[WORK TASK] Only a slice of the listing below is wanted. Retype the lines from the one containing "露点较高, 极易结露。若双层玻璃密封严实, 则双层玻璃内层空气的露点温度与生产车间的温湿度一一对应(见表2)。" through the one containing "L'artiste plasticien a", exactly, both ends included.

::: EXTRACTED ENTRIES

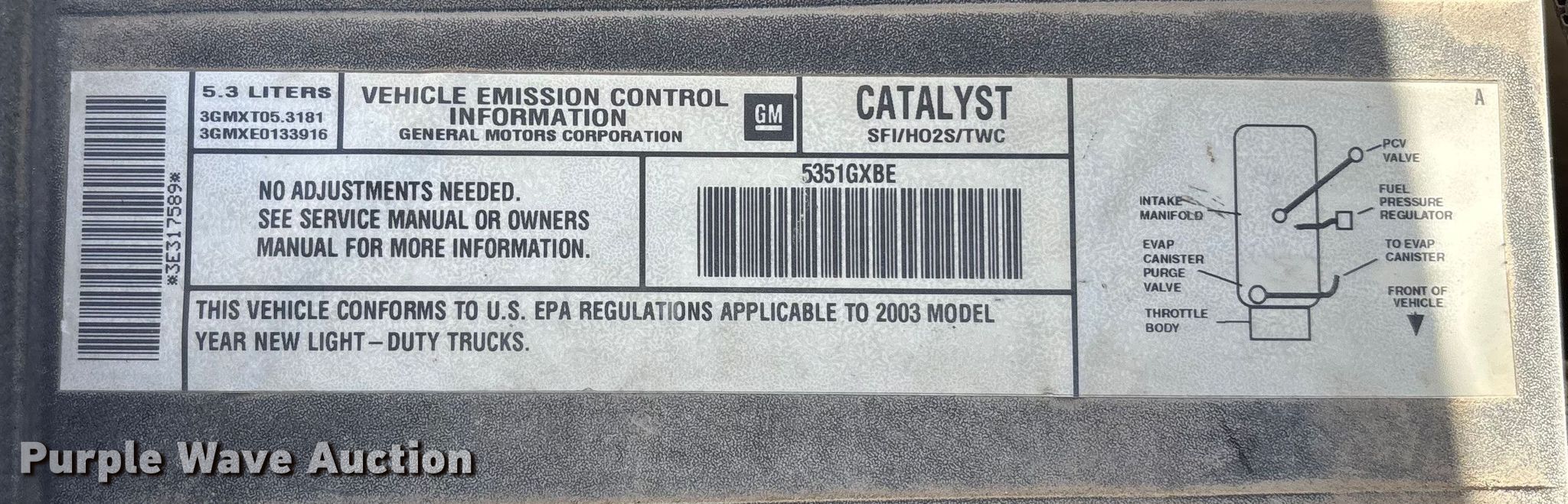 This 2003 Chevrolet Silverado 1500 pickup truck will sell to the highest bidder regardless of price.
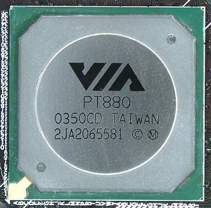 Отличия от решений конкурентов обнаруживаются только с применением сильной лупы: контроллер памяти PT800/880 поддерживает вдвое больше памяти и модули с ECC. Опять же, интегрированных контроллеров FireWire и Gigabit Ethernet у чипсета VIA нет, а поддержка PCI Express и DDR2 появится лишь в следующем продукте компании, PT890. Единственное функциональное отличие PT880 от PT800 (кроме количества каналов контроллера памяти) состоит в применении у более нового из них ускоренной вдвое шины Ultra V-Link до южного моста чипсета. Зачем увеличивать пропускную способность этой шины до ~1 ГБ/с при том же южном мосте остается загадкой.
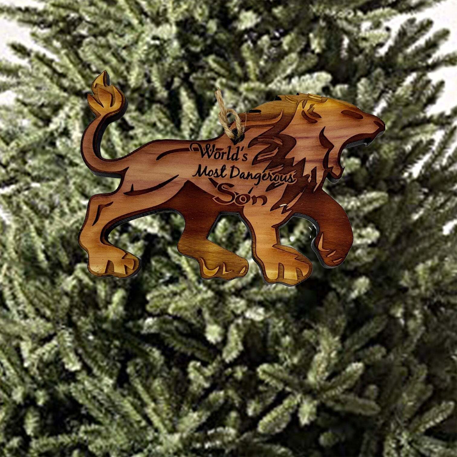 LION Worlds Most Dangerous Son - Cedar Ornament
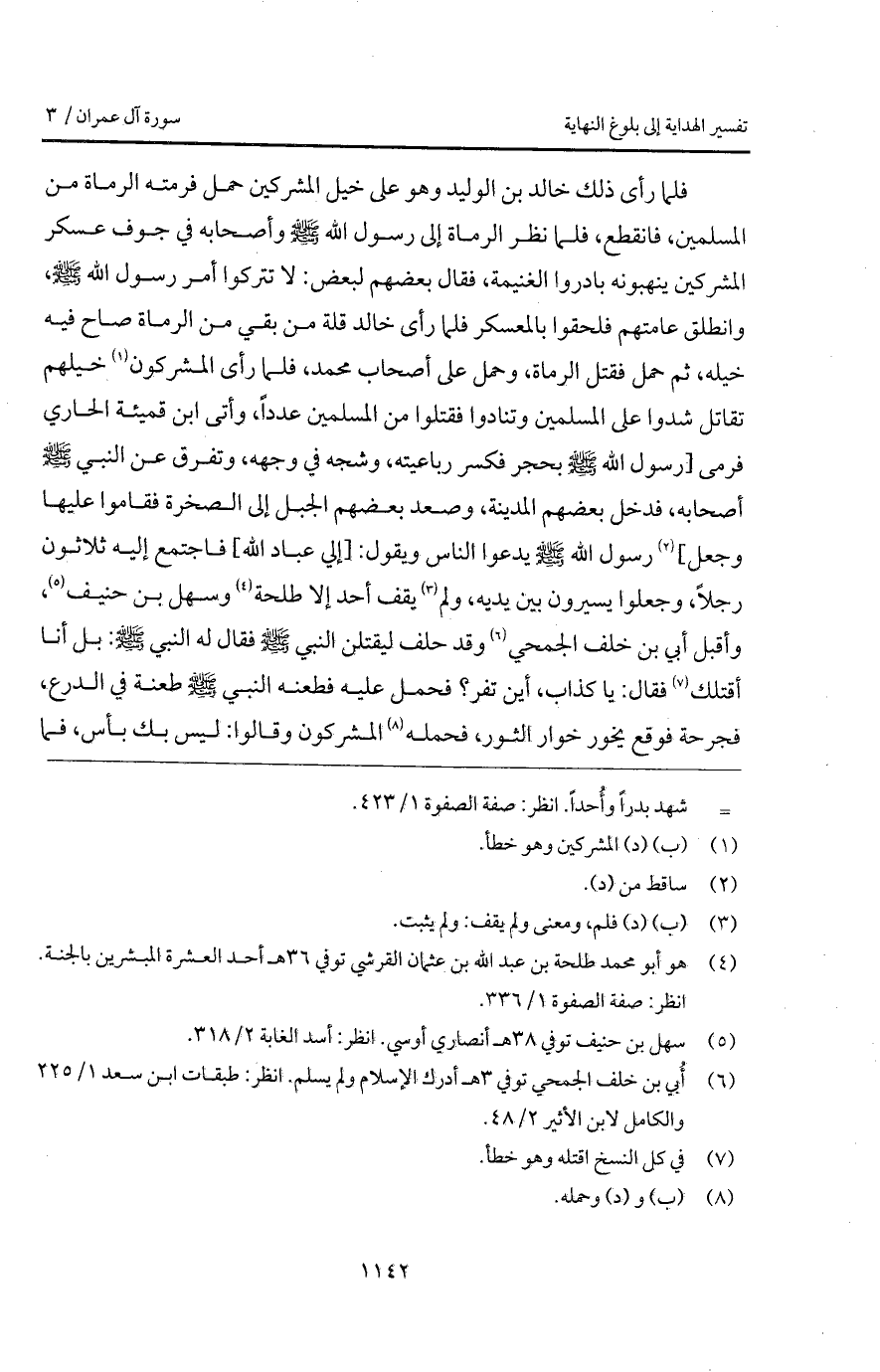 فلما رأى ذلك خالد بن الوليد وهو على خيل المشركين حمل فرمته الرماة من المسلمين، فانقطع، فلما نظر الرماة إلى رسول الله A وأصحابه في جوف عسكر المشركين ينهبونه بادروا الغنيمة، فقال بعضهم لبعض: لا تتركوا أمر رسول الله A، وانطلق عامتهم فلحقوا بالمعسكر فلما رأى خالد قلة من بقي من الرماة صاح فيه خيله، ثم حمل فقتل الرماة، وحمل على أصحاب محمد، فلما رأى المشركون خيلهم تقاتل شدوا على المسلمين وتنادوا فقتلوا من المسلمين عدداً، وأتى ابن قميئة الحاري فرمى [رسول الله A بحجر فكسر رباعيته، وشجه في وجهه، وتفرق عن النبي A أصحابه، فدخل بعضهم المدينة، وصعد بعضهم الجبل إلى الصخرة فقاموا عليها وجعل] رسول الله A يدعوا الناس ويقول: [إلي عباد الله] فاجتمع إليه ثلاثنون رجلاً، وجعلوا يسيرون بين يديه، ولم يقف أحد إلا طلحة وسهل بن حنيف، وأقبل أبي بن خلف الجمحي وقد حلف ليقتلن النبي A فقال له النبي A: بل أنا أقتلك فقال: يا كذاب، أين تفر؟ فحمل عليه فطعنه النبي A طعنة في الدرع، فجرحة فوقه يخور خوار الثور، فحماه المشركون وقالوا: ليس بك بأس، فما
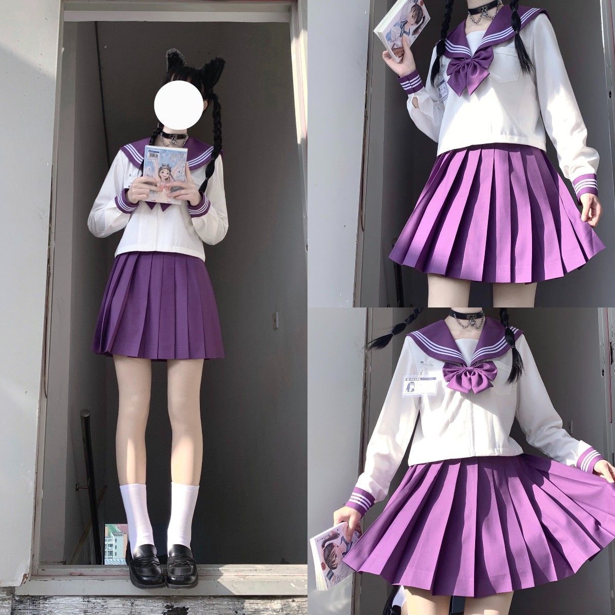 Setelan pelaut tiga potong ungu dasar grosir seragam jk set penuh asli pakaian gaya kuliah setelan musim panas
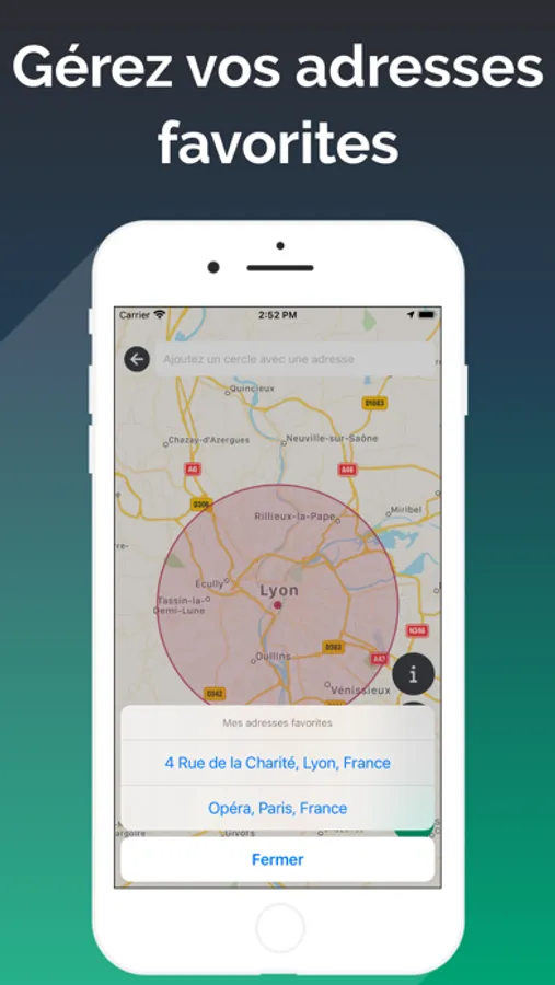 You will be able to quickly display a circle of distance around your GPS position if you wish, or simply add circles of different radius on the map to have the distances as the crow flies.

::::::
::: EXTRACTED ENTRIES

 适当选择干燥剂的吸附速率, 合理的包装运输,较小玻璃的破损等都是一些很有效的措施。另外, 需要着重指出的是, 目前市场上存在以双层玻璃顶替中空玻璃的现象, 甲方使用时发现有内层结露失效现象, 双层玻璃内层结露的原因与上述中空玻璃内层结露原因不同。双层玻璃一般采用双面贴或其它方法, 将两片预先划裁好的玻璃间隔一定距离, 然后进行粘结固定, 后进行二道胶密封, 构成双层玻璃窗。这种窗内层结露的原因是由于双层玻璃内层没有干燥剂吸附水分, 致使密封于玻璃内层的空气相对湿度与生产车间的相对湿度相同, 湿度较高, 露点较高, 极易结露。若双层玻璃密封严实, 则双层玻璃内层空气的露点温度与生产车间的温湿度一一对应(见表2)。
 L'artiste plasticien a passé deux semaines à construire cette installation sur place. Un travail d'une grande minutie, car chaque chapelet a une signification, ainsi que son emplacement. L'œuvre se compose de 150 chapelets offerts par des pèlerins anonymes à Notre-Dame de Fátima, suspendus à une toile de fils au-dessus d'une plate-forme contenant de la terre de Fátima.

::::::

[SOLUTION]
 适当选择干燥剂的吸附速率, 合理的包装运输,较小玻璃的破损等都是一些很有效的措施。另外, 需要着重指出的是, 目前市场上存在以双层玻璃顶替中空玻璃的现象, 甲方使用时发现有内层结露失效现象, 双层玻璃内层结露的原因与上述中空玻璃内层结露原因不同。双层玻璃一般采用双面贴或其它方法, 将两片预先划裁好的玻璃间隔一定距离, 然后进行粘结固定, 后进行二道胶密封, 构成双层玻璃窗。这种窗内层结露的原因是由于双层玻璃内层没有干燥剂吸附水分, 致使密封于玻璃内层的空气相对湿度与生产车间的相对湿度相同, 湿度较高, 露点较高, 极易结露。若双层玻璃密封严实, 则双层玻璃内层空气的露点温度与生产车间的温湿度一一对应(见表2)。
 L'artiste plasticien a passé deux semaines à construire cette installation sur place. Un travail d'une grande minutie, car chaque chapelet a une signification, ainsi que son emplacement. L'œuvre se compose de 150 chapelets offerts par des pèlerins anonymes à Notre-Dame de Fátima, suspendus à une toile de fils au-dessus d'une plate-forme contenant de la terre de Fátima.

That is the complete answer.